The Third Party’s Perspective
Insurance policies are also a valuable asset to those with claims against an insolvent company. Where a corporate defendant has limited assets or is bankrupt, its insurance policy may be the most likely source of funds for plaintiffs seeking recovery from the corporation. But just as it does for policyholders themselves, the bankruptcy context presents unique challenges for third parties seeking to recover from a bankrupt corporation’s insurer.
The Automatic Stay: When Does it Apply? The automatic stay is one of the bedrock principles of bankruptcy law. It stays any pending legal proceeding against the debtor and prevents the filing of new claims or counterclaims against the debtor. But does the automatic stay preclude a third party from pursuing the policy proceeds of a bankrupt insured? While the automatic stay applies to policy proceeds that the debtor has an interest in, most courts hold that, where a third-party claim is covered by an insurance policy, the automatic stay should be lifted and the claim allowed to proceed outside the bankruptcy case.
Courts look to a variety of factors to determine whether the stay should be lifted and litigation should be permitted to continue in another forum. Some of these factors include whether the action primarily involves third parties, whether the debtor’s insurer has assumed full responsibility for the defense of the action, whether relief would result in a partial or complete resolution of the issues, and the strength of the connection with or interference with the bankruptcy case. The burden of proof on a motion to lift or modify the stay rests with the movant (the party that made the motion) to show cause, and then shifts to the debtor to establish that it is entitled to the continued protection of the bankruptcy court. The decision of whether to lift the stay, however, is within the discretion of the bankruptcy judge.
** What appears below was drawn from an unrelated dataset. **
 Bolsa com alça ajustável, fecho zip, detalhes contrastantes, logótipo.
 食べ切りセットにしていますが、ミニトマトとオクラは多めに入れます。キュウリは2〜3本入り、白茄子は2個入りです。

Impact of Section 524’s Discharge of Liability: The discharge of the debtor’s liability provided by Section 524 of the Bankruptcy Code normally precludes further claims against the debtor. Importantly, however, Section 524 should not affect an insurer’s liability for a debt. Indeed, courts have recognized that the debtor suffers little prejudice when they are sued by plaintiffs primarily for the purpose of obtaining a judgment that would then allow the plaintiff to seek recovery from the debtor’s insurer.
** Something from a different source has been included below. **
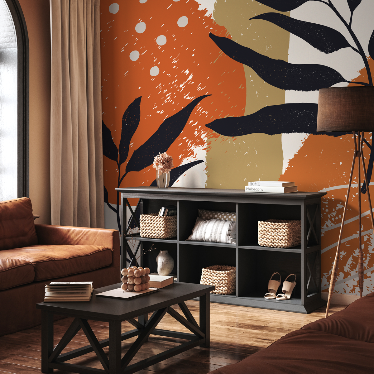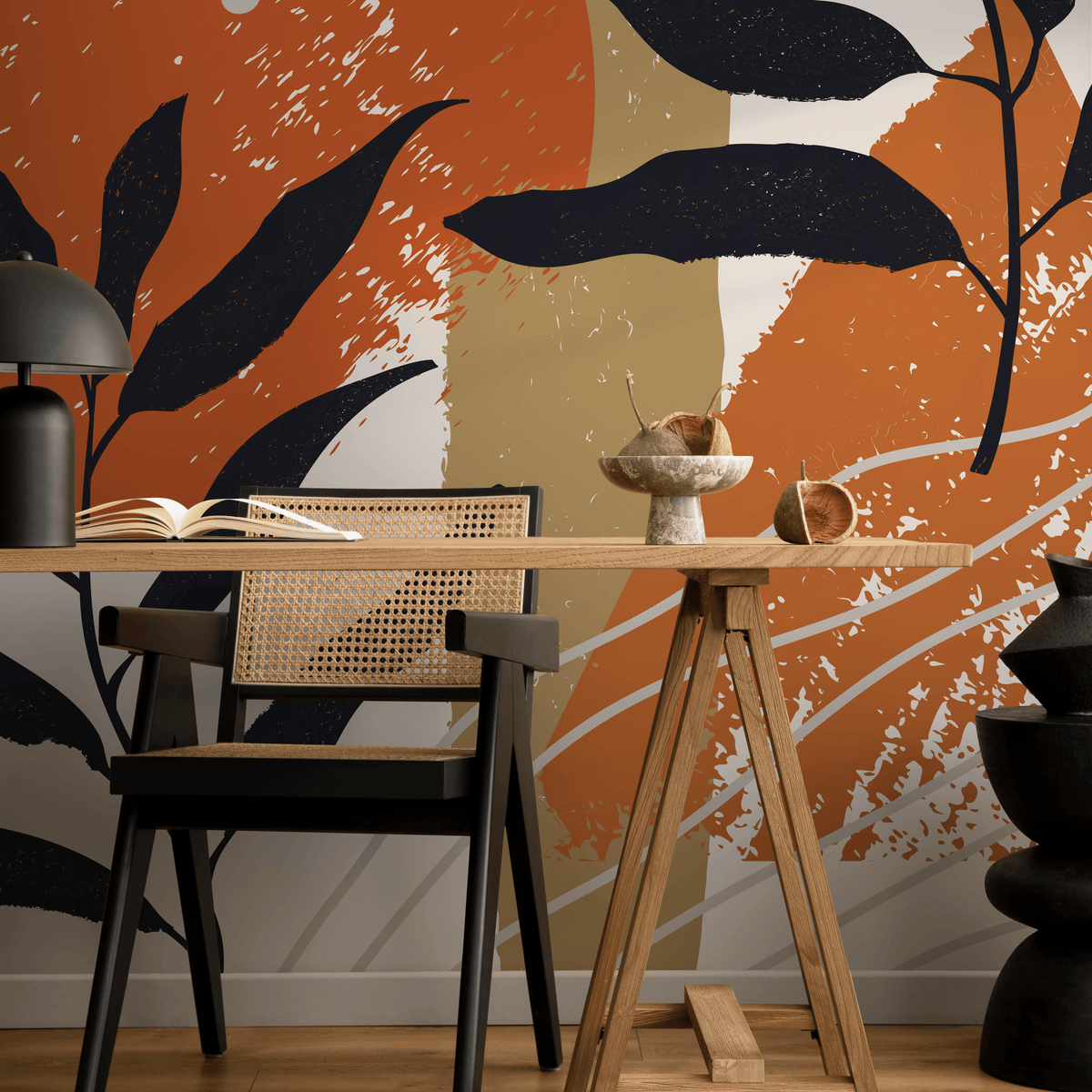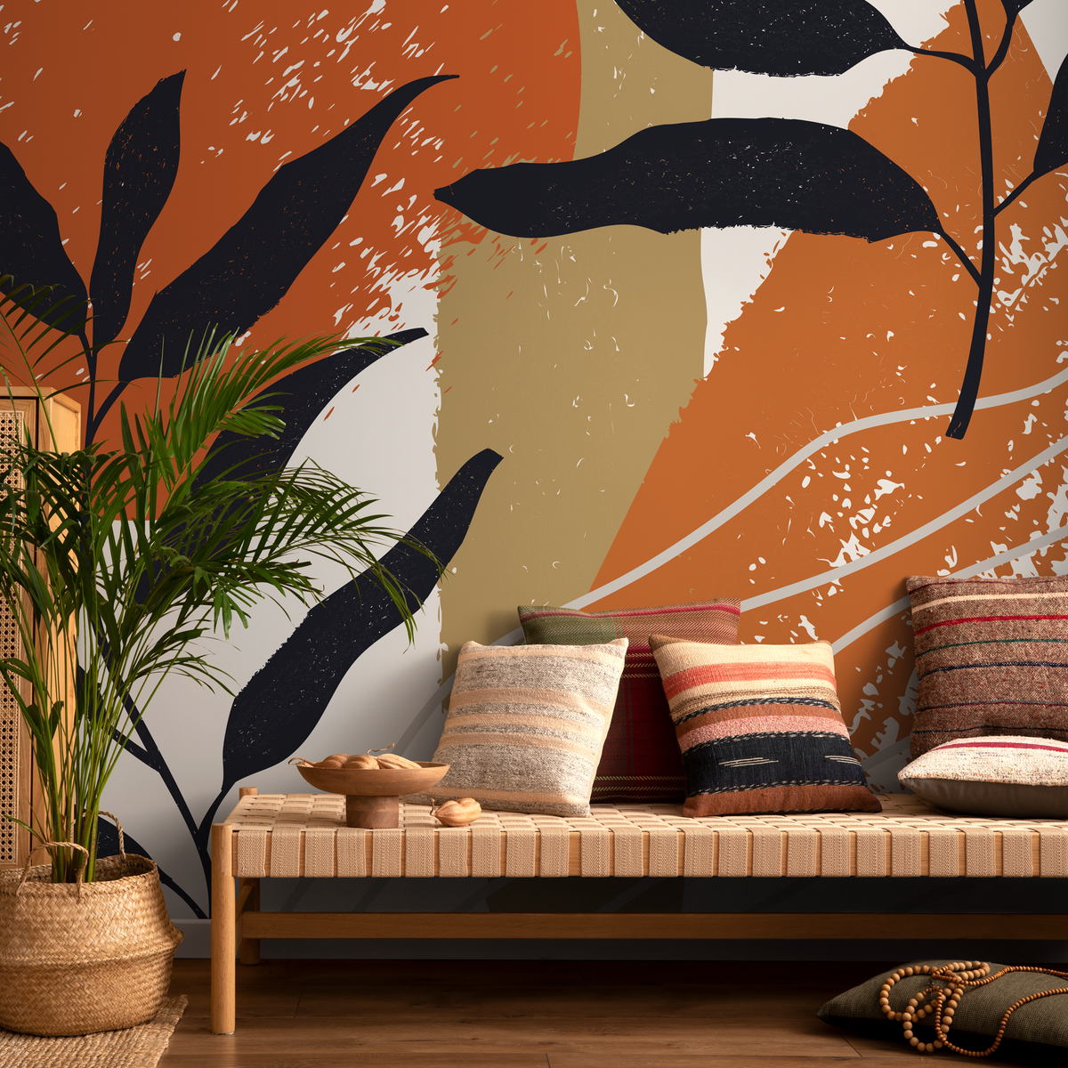 Introduce a bold artistic statement into your home with this Abstract Wallpaper, featuring striking botanical silhouettes. The contemporary design, rendered in a sophisticated palette of terracotta, black, and tan, creates a dynamic and warm atmosphere, perfect for a modern interior design. This high-impact wall art instantly elevates any space, turning a plain wall into a captivating focal point that reflects a chic, artistic sensibility.

Direct Action Against the Insurer: Assuming the foregoing obstacles are overcome, and an action to recover policy proceeds is permitted, many states preclude a third party from bringing a direct action against the insurer. This rule may change, however, when the insured is bankrupt, as many state statutes permit direct actions in this circumstance. In other states, however, the third party must first obtain a judgment against the bankrupt insured before it proceeds directly against an insurer. Attention to these and other procedural requirements is necessary to the successful recovery of policy proceeds.